§ **Data extract**
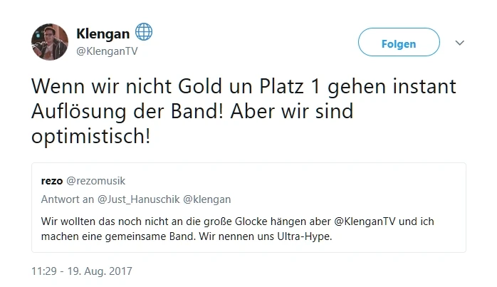 Gründung der Band Ultra-Hype. Twitter Post vom 19.08.2017 [1]
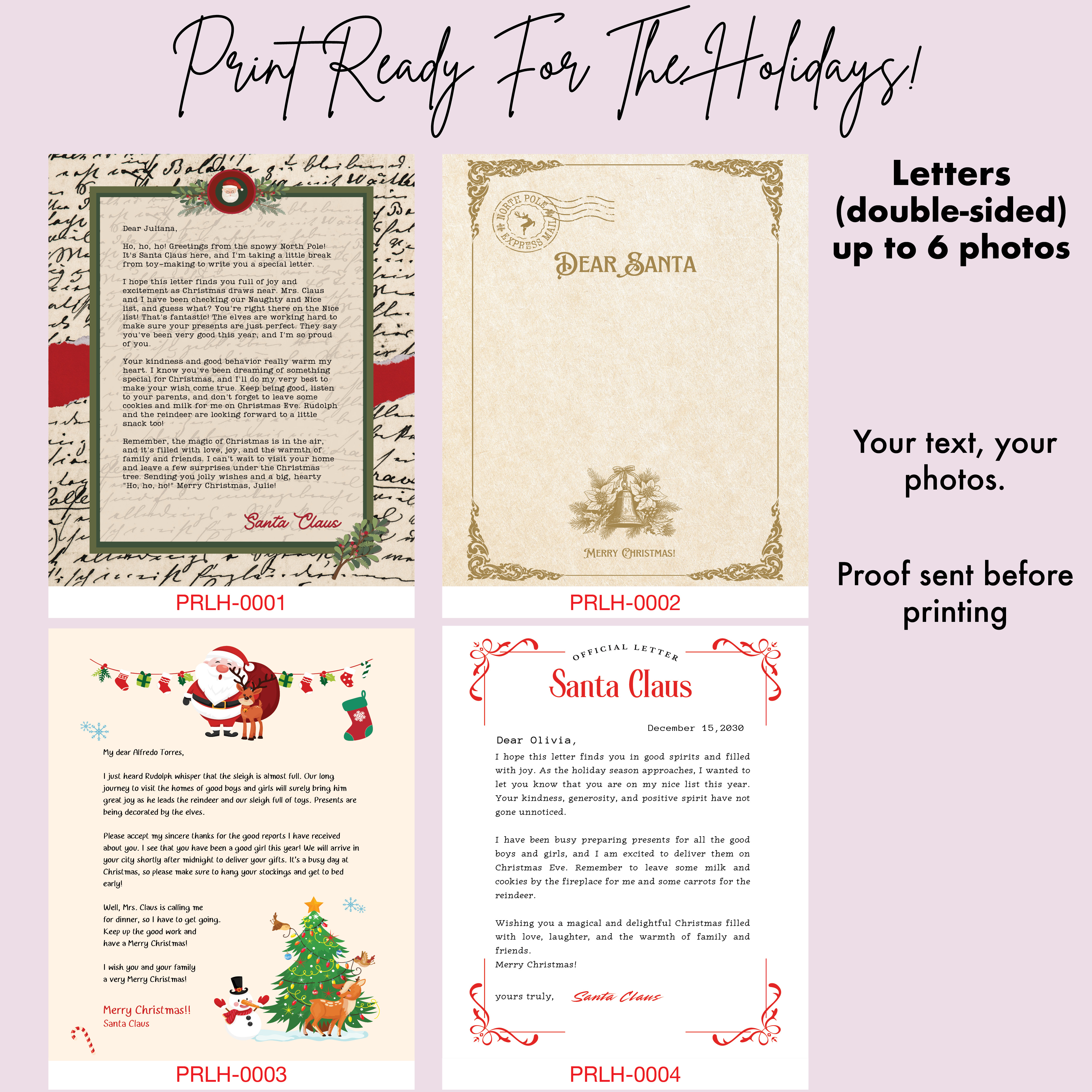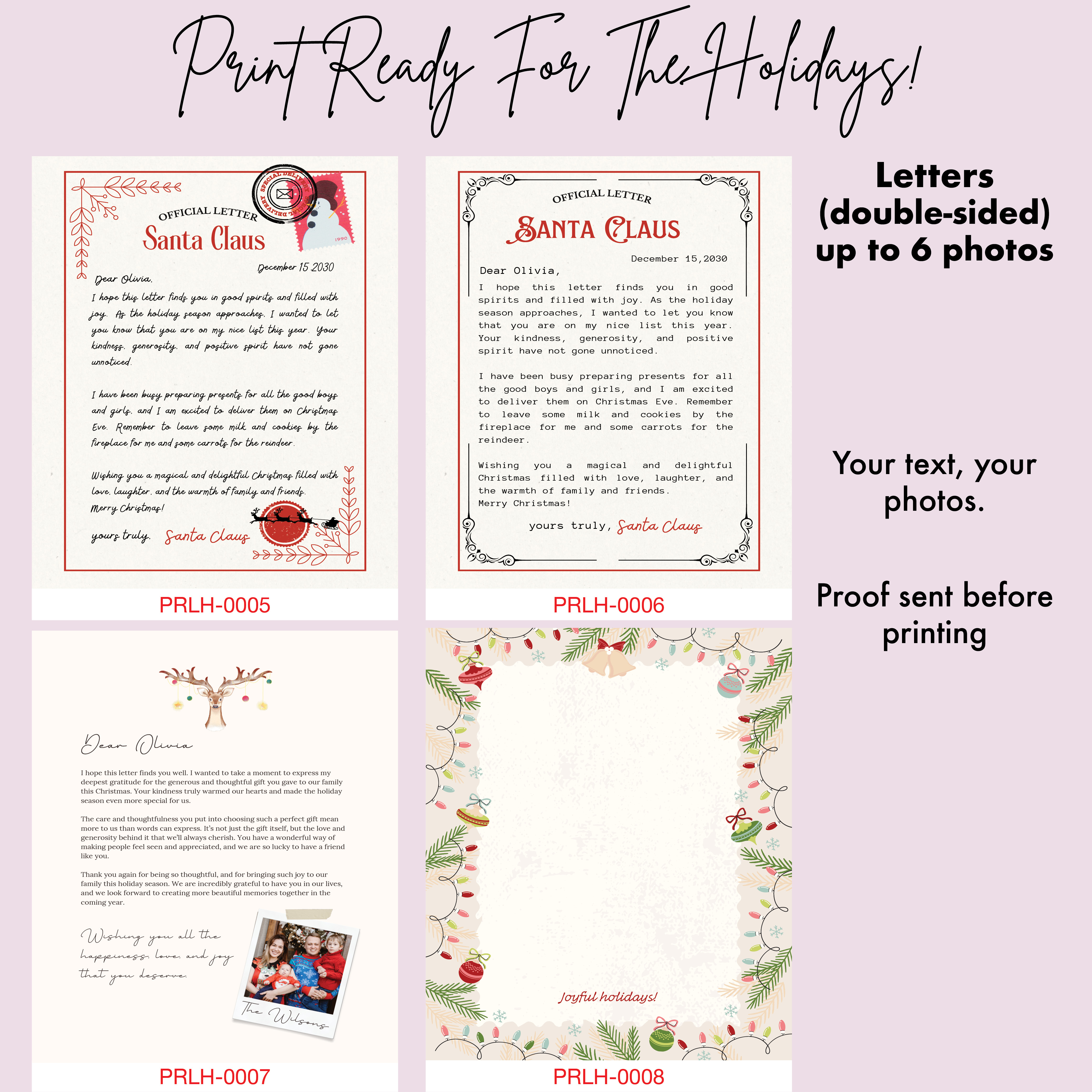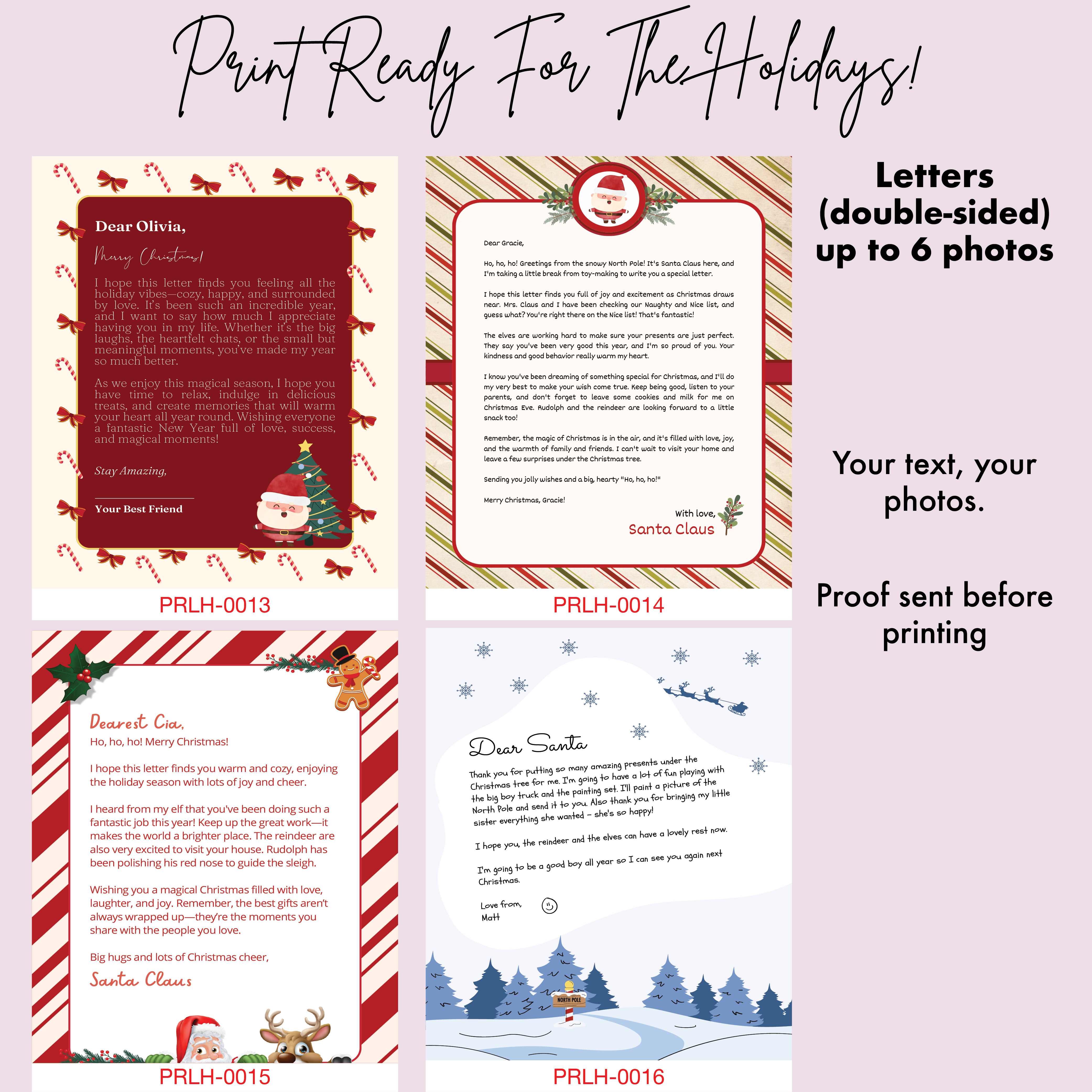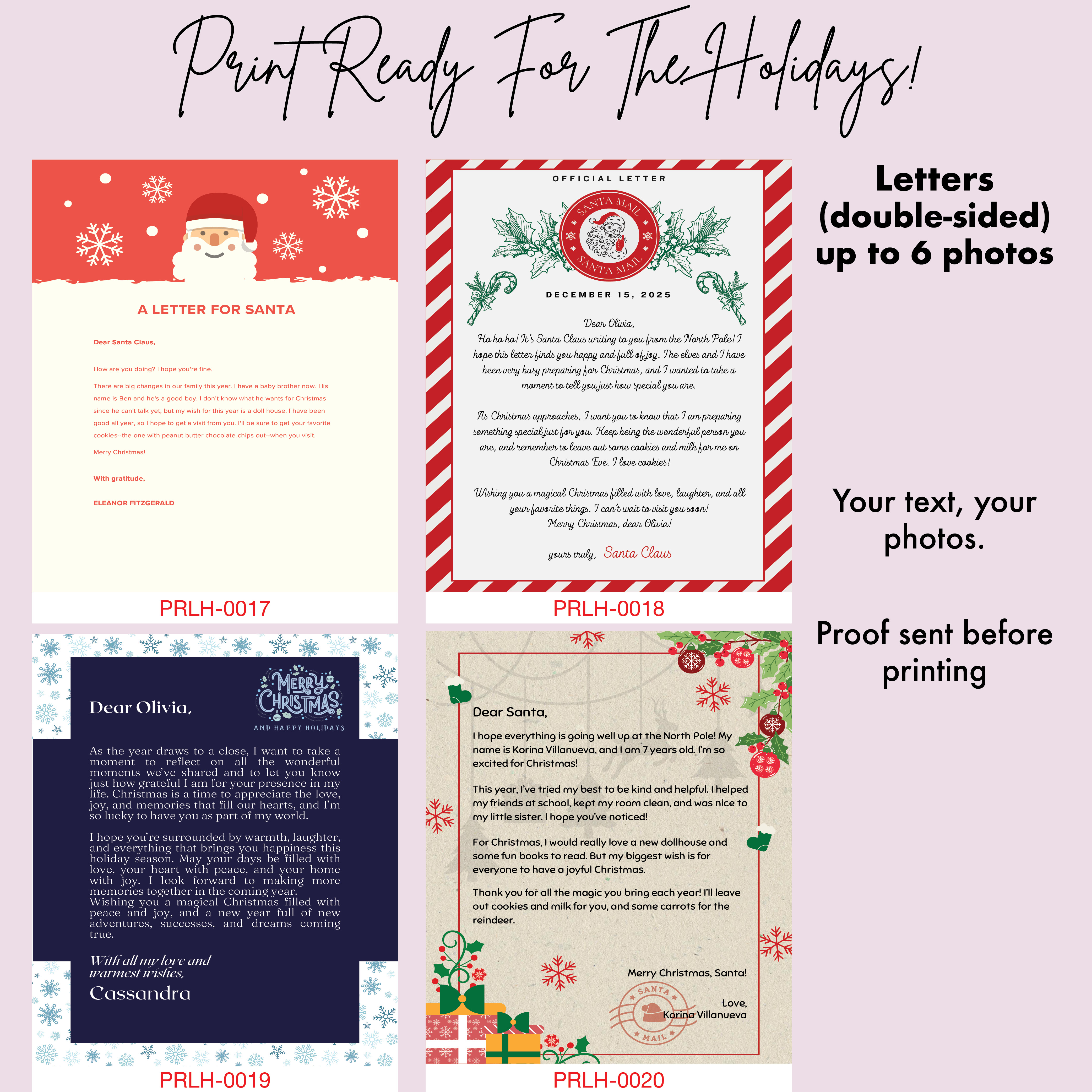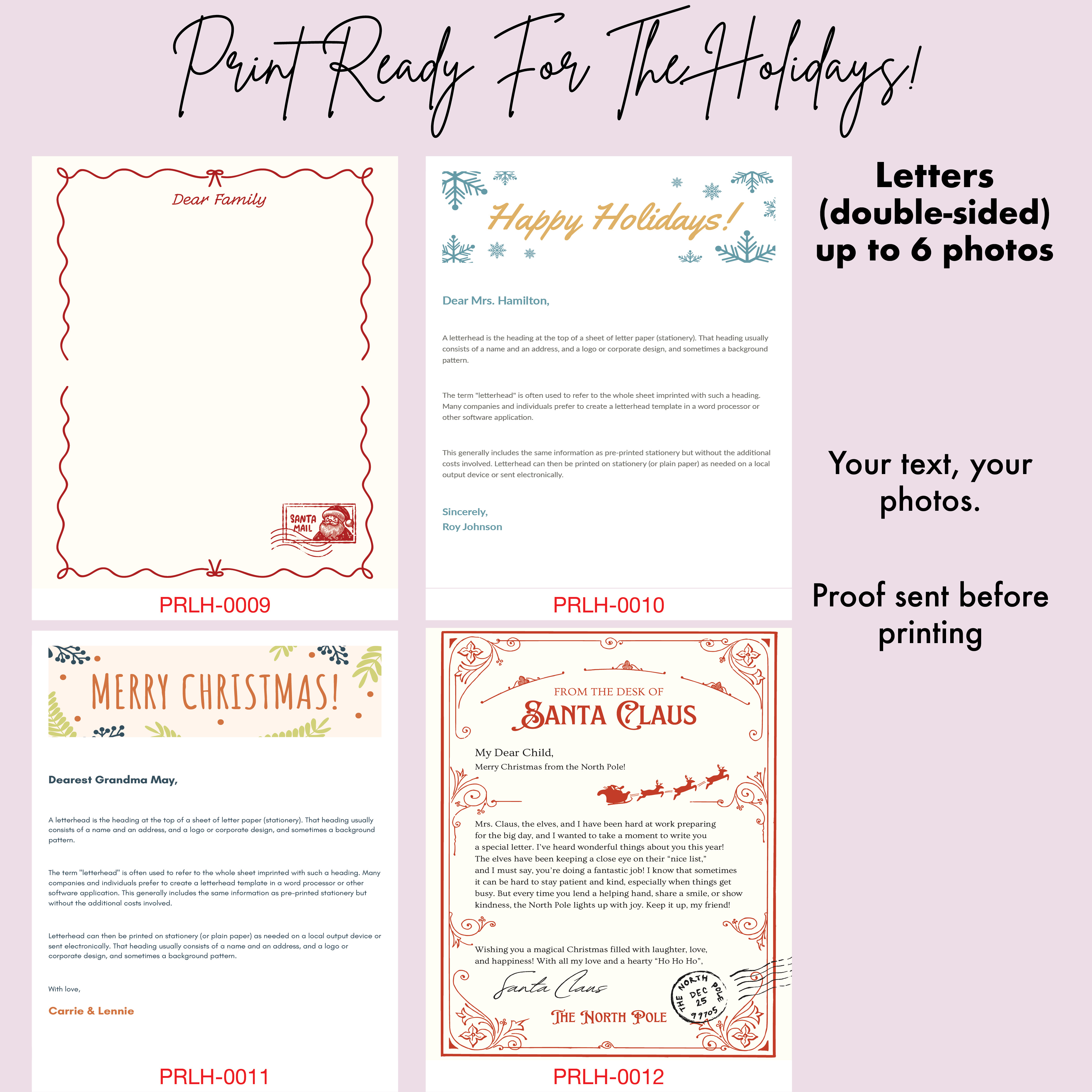 We will design and style your Christmas letter for you. Your words, your photos (up to 6 photos) our ready-to-go templates. Scroll through the samples above (click on purple scroll dots) and choose which template you'd like on the right. Place your order and email your text and photos to
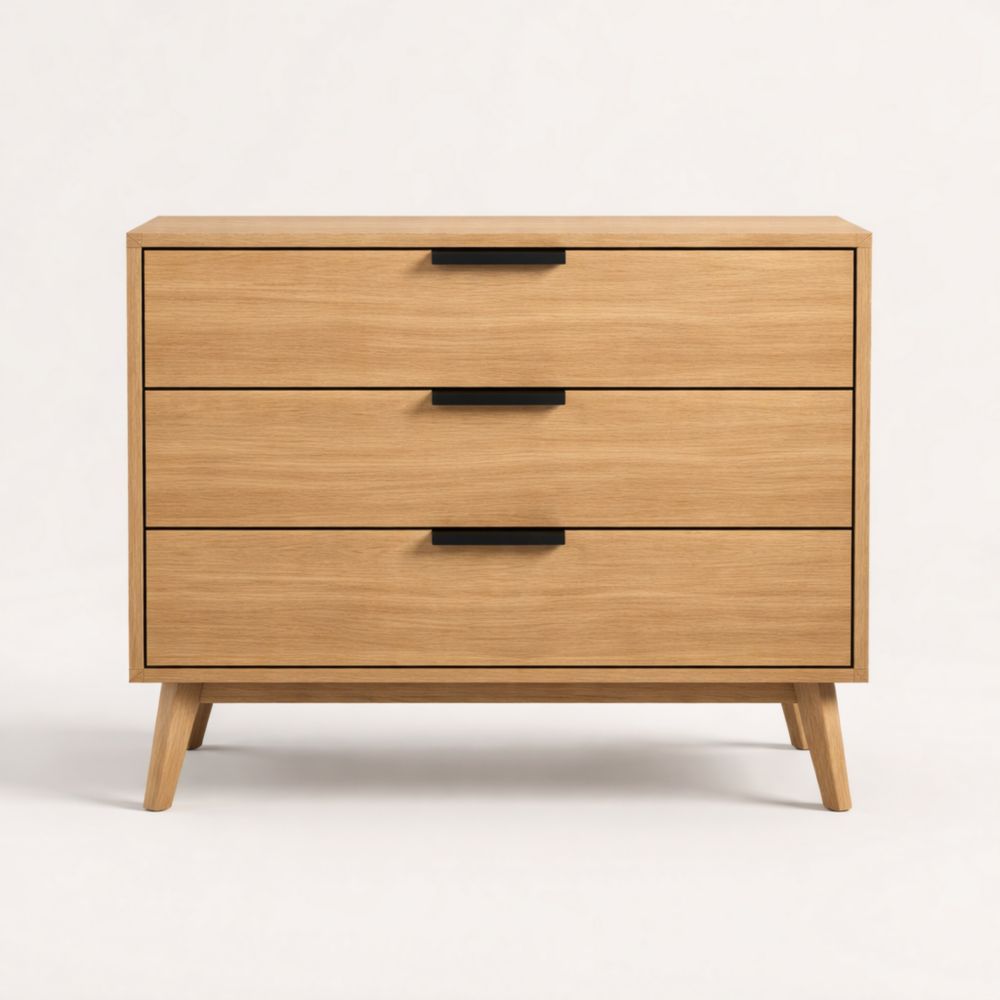 Cassettiera con 3 cassetti in legno di quercia
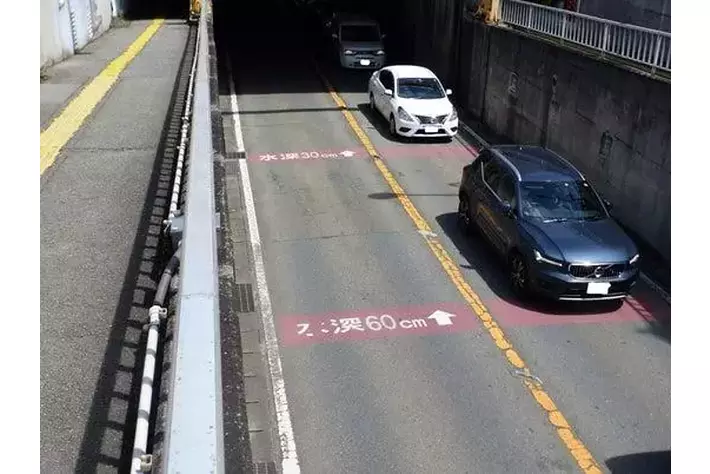JAF(一般社団法人日本自動車連盟)兵庫支部(支部長 長手 繁)は、集中豪雨などの悪天候に備えて、道路のアンダーパス走行時の注意を呼びかけています。日頃からクルマを運転する際には、このような標識、路面標示に十分注意し、豪雨時には不急の外出は控え、運転を避けることも重要です。

§ **Work to complete**
A faithful transcription of the material, with no pictures, is the expected result.

§ **Solution to the problem**
 Gründung der Band Ultra-Hype. Twitter Post vom 19.08.2017 [1]
 We will design and style your Christmas letter for you. Your words, your photos (up to 6 photos) our ready-to-go templates. Scroll through the samples above (click on purple scroll dots) and choose which template you'd like on the right. Place your order and email your text and photos to
 Cassettiera con 3 cassetti in legno di quercia
JAF(一般社団法人日本自動車連盟)兵庫支部(支部長 長手 繁)は、集中豪雨などの悪天候に備えて、道路のアンダーパス走行時の注意を呼びかけています。日頃からクルマを運転する際には、このような標識、路面標示に十分注意し、豪雨時には不急の外出は控え、運転を避けることも重要です。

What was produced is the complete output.